[[ Record excerpts open ]]

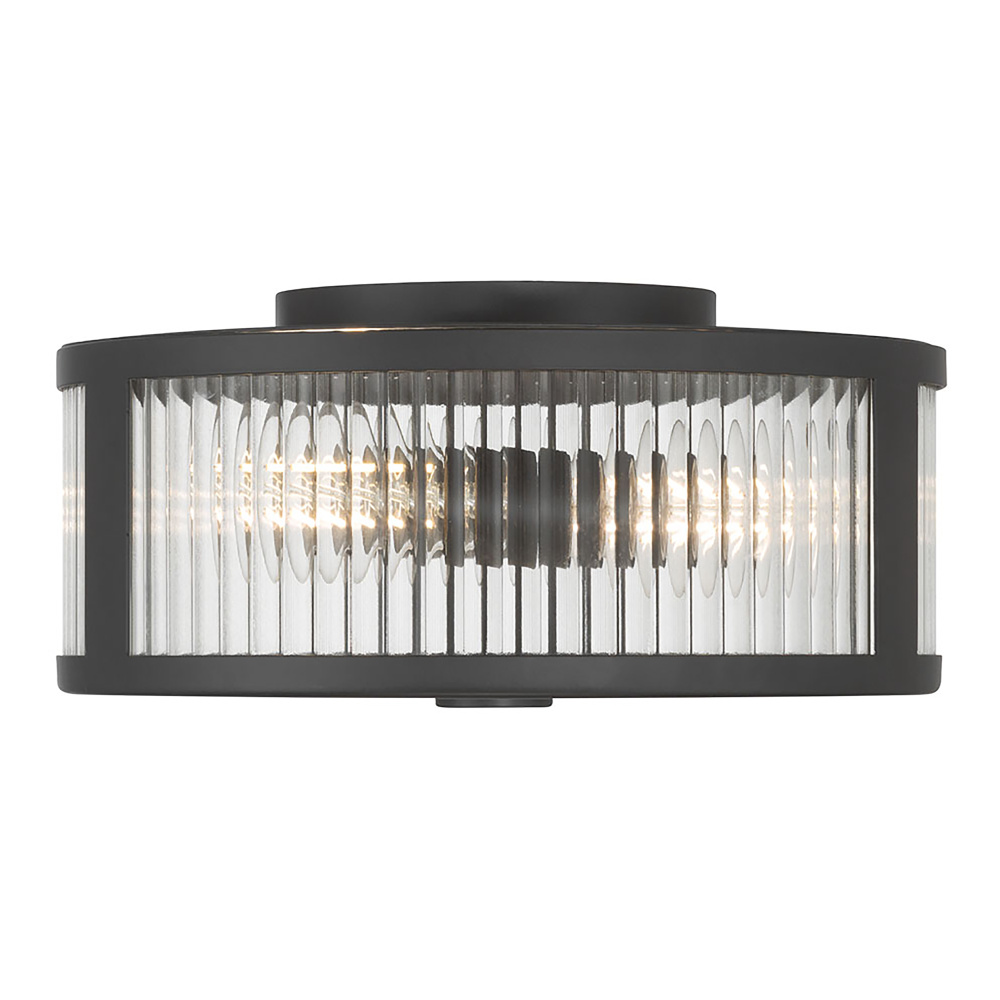 Featuring a Matte Black finish with a Clear Ribbed glass shade.
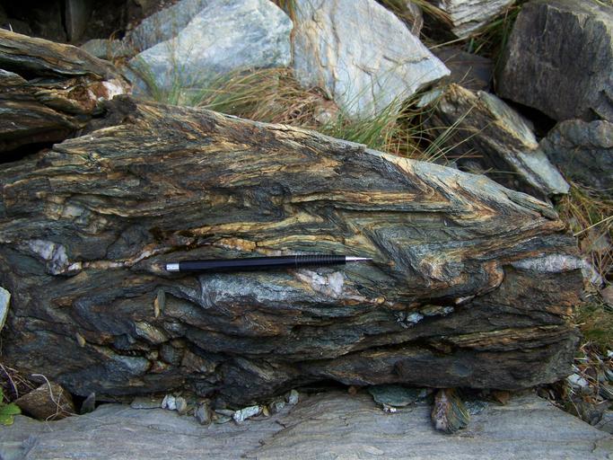 Keywords: Mutilayer folds.JPG Isoclinal folds in a multilayer dolomite vs chlorite schist at the Passo del Lucomagno/Lukmanierpass Switzerland Own 2007-10 Woudloper Schist Folds Geology of Switzerland
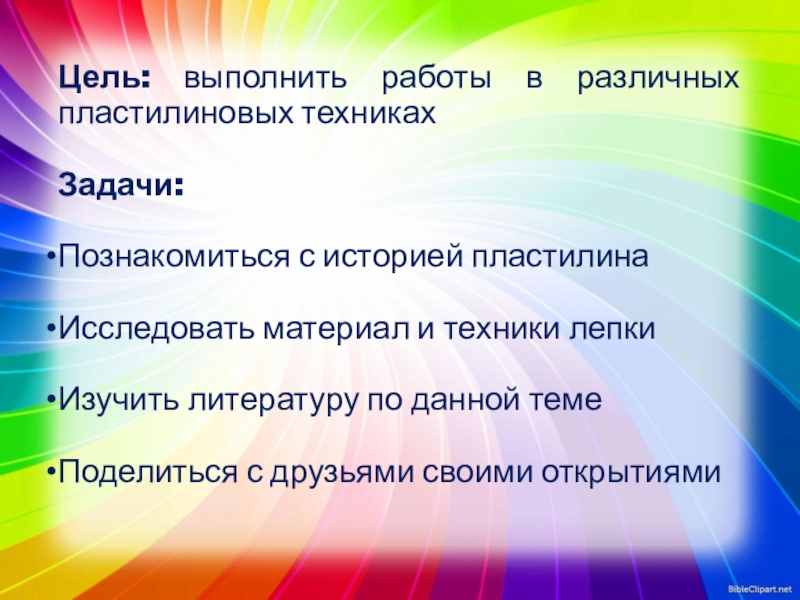 Цель: выполнить работы в различных пластилиновых техникахЗадачи: Познакомиться с историей пластилинаИсследовать материал и техники лепкиИзучить литературу по
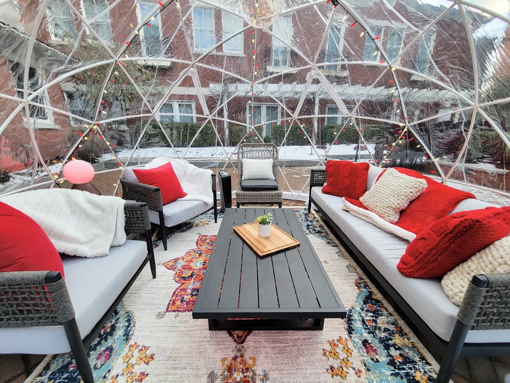 From heated igloos to cozy fires, establishments serve up plenty of outdoor options.
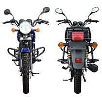 Вместительный бак, дуги безопасности, проверенные временем барабанные тормоза на переднем и заднем колесах, защитный кожух цепи, широкое и длинное сиденье и интегрированные в раму пассажирские подножки – все эти детали выдают утилитарное предназначение мотоцикла. Несмотря на классический «настрой», Regulmoto SK 150-20 отличается наличием массы актуальных решений: литые диски колес, современная приборная панель, световое оборудование на светодиодах, тумблер электростартера и остановки двигателя (кик-стартер также присутствует).
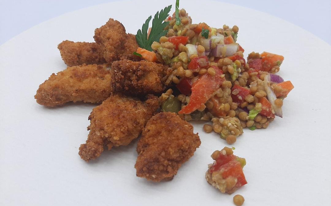 Para la ensalada, escurrir y verter las lentejas en un cuenco.
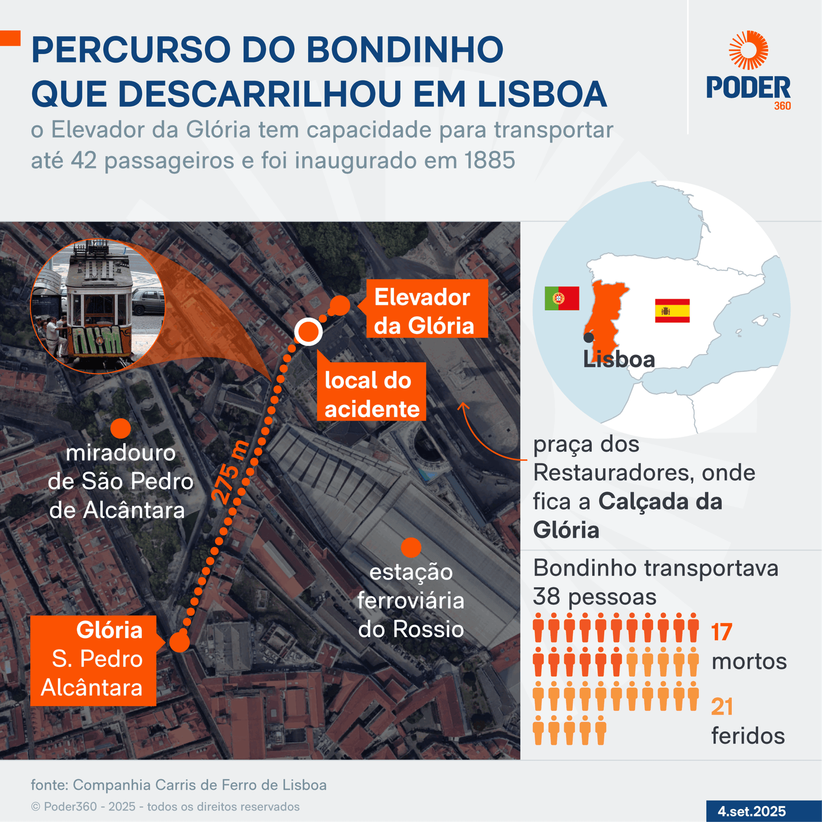 Subiu para 17 o número de mortos no acidente de 4ª feira (3.set.2025) no Elevador da Glória, em Lisboa (Portugal).

[[ Record excerpts closed ]]

Only one stretch of the entries above is needed: the lines from the one containing "Keywords: Mutilayer folds.JPG" through the one containing "From heated igloos". Copy it exactly, without the pictures.

 Keywords: Mutilayer folds.JPG Isoclinal folds in a multilayer dolomite vs chlorite schist at the Passo del Lucomagno/Lukmanierpass Switzerland Own 2007-10 Woudloper Schist Folds Geology of Switzerland
 Цель: выполнить работы в различных пластилиновых техникахЗадачи: Познакомиться с историей пластилинаИсследовать материал и техники лепкиИзучить литературу по
 From heated igloos to cozy fires, establishments serve up plenty of outdoor options.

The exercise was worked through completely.